Go through the listing and repeat each entry exactly, but include no pictures.

*** Extracted entries ***

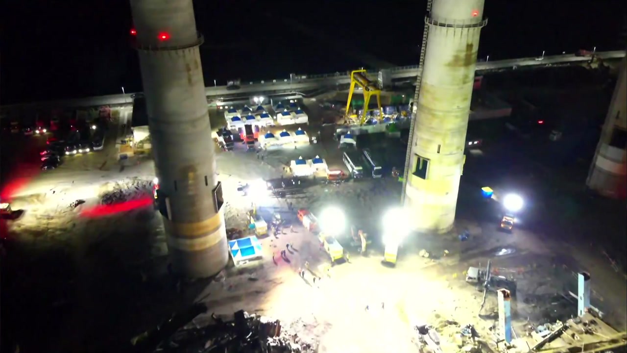 구조대가 들것을 들고 무너진 보일러 타워 잔해 속에서 걸어 나옵니다.
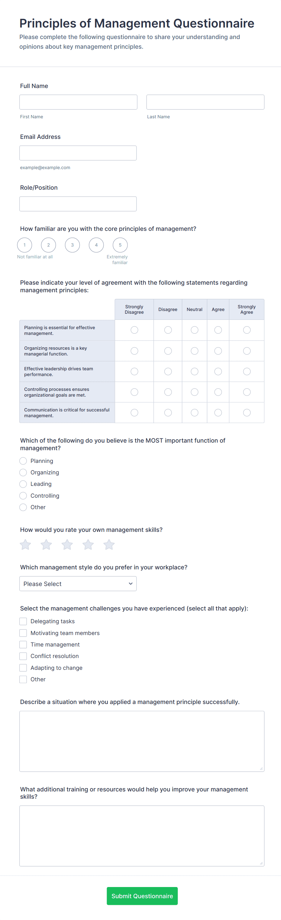 3. What information is typically included in a questionnaire template?
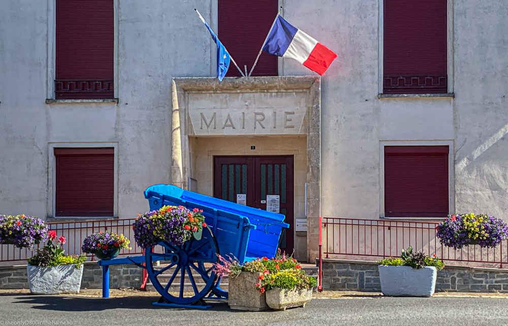However, I think this image of a brightly painted old-fashioned cart on display outside the Mairie gives a decent idea of my current cultural circumstances.
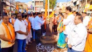 राष्ट्रीय स्वयंसेवक संघाच्या शताब्दी महोत्सवानिमित्त देशातील सुमारे १ लाखांहून अधिक ठिकाणी भव्य हिंदू संमेलनांचे आयोजन करण्यात आले आहे. याचाच भाग म्हणून बेळगावमधील संयुक्त महाराष्ट्र चौक येथे १७ फेब्रुवारी रोजी मोठे संमेलन होणार असून, त्याबाबत जनजागृती करण्यासाठी आज शहरात भव्य बाईक रॅलीचे आयोजन करण्यात आले होते. संयुक्त महाराष्ट्र चौकात हिंदू धर्माचे प्रतीक असलेल्या ‘गरुड ध्वजा’चे आरोहण करून रॅलीला उत्साहात सुरुवात झाली. ‘छत्रपती शिवाजी महाराज की जय’ आणि ‘हिंदू राष्ट्र की जय’ अशा घोषणांनी ही रॅली पुढे मार्गस्थ झाली.
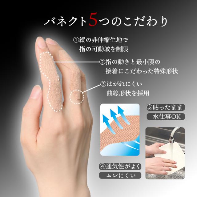指用サポートテープ バネテクト 指用サポーター サポーター 指 サポート テープ 指 関節 保護 水仕事 簡単固定 強粘着 男女兼用 目立ちにくいベージュ 日本製
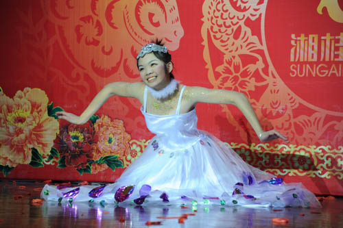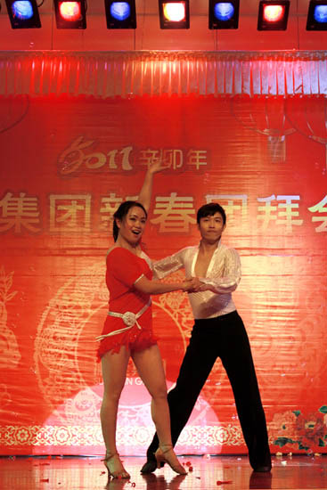 金和公司总经理罗成武(右3)等公司领导在晚会上表演节目。
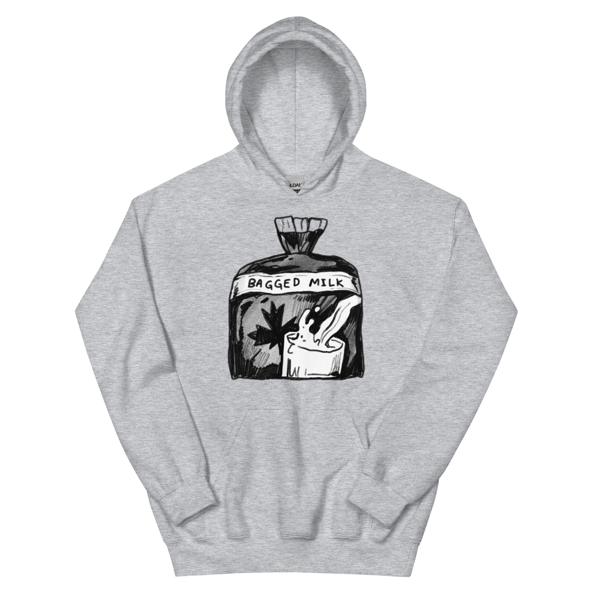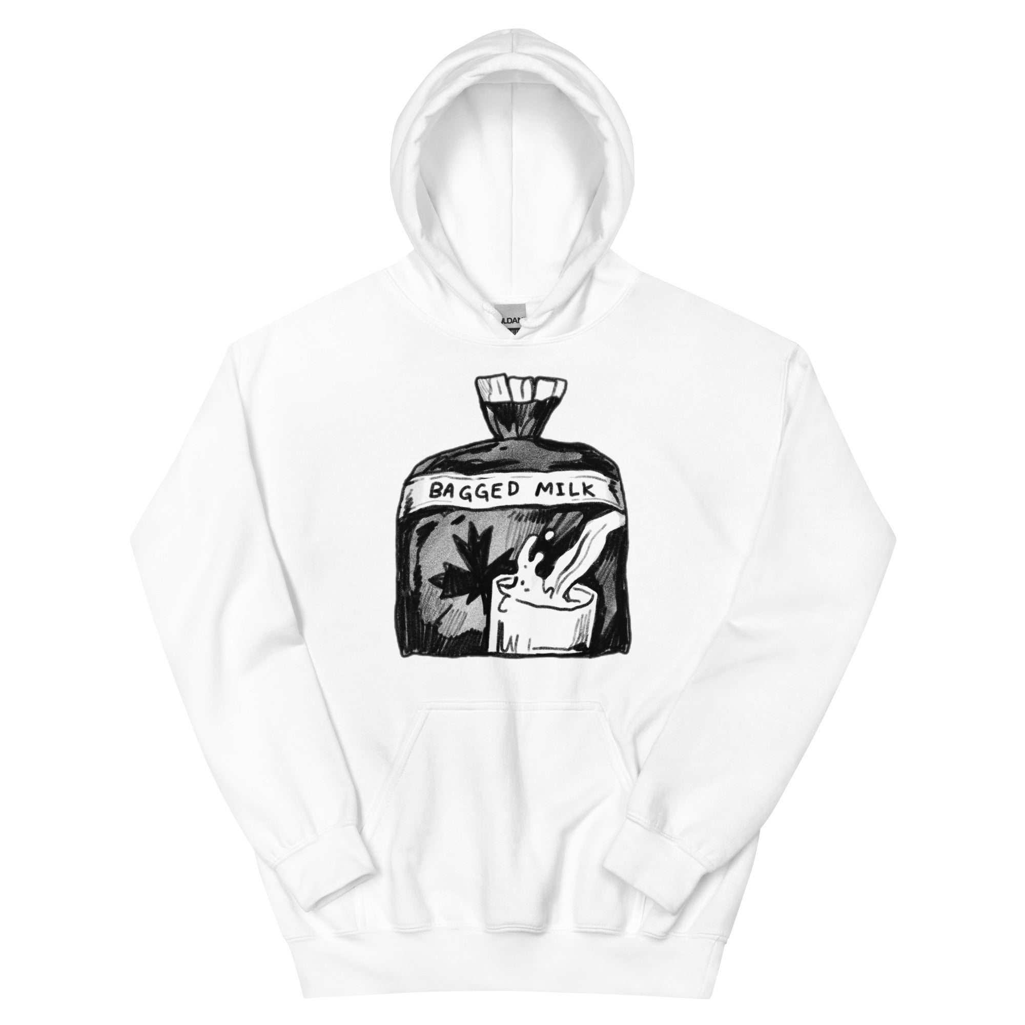 The OG Bagged Milk Canadian Hoodie. Designed by Monique Parlevliet @BaldPeaches. Size up for a baggy fit.

*** End of Extracted entries ***

### Final answer
 구조대가 들것을 들고 무너진 보일러 타워 잔해 속에서 걸어 나옵니다.
 3. What information is typically included in a questionnaire template?
However, I think this image of a brightly painted old-fashioned cart on display outside the Mairie gives a decent idea of my current cultural circumstances.
 राष्ट्रीय स्वयंसेवक संघाच्या शताब्दी महोत्सवानिमित्त देशातील सुमारे १ लाखांहून अधिक ठिकाणी भव्य हिंदू संमेलनांचे आयोजन करण्यात आले आहे. याचाच भाग म्हणून बेळगावमधील संयुक्त महाराष्ट्र चौक येथे १७ फेब्रुवारी रोजी मोठे संमेलन होणार असून, त्याबाबत जनजागृती करण्यासाठी आज शहरात भव्य बाईक रॅलीचे आयोजन करण्यात आले होते. संयुक्त महाराष्ट्र चौकात हिंदू धर्माचे प्रतीक असलेल्या ‘गरुड ध्वजा’चे आरोहण करून रॅलीला उत्साहात सुरुवात झाली. ‘छत्रपती शिवाजी महाराज की जय’ आणि ‘हिंदू राष्ट्र की जय’ अशा घोषणांनी ही रॅली पुढे मार्गस्थ झाली.
指用サポートテープ バネテクト 指用サポーター サポーター 指 サポート テープ 指 関節 保護 水仕事 簡単固定 強粘着 男女兼用 目立ちにくいベージュ 日本製
 金和公司总经理罗成武(右3)等公司领导在晚会上表演节目。
 The OG Bagged Milk Canadian Hoodie. Designed by Monique Parlevliet @BaldPeaches. Size up for a baggy fit.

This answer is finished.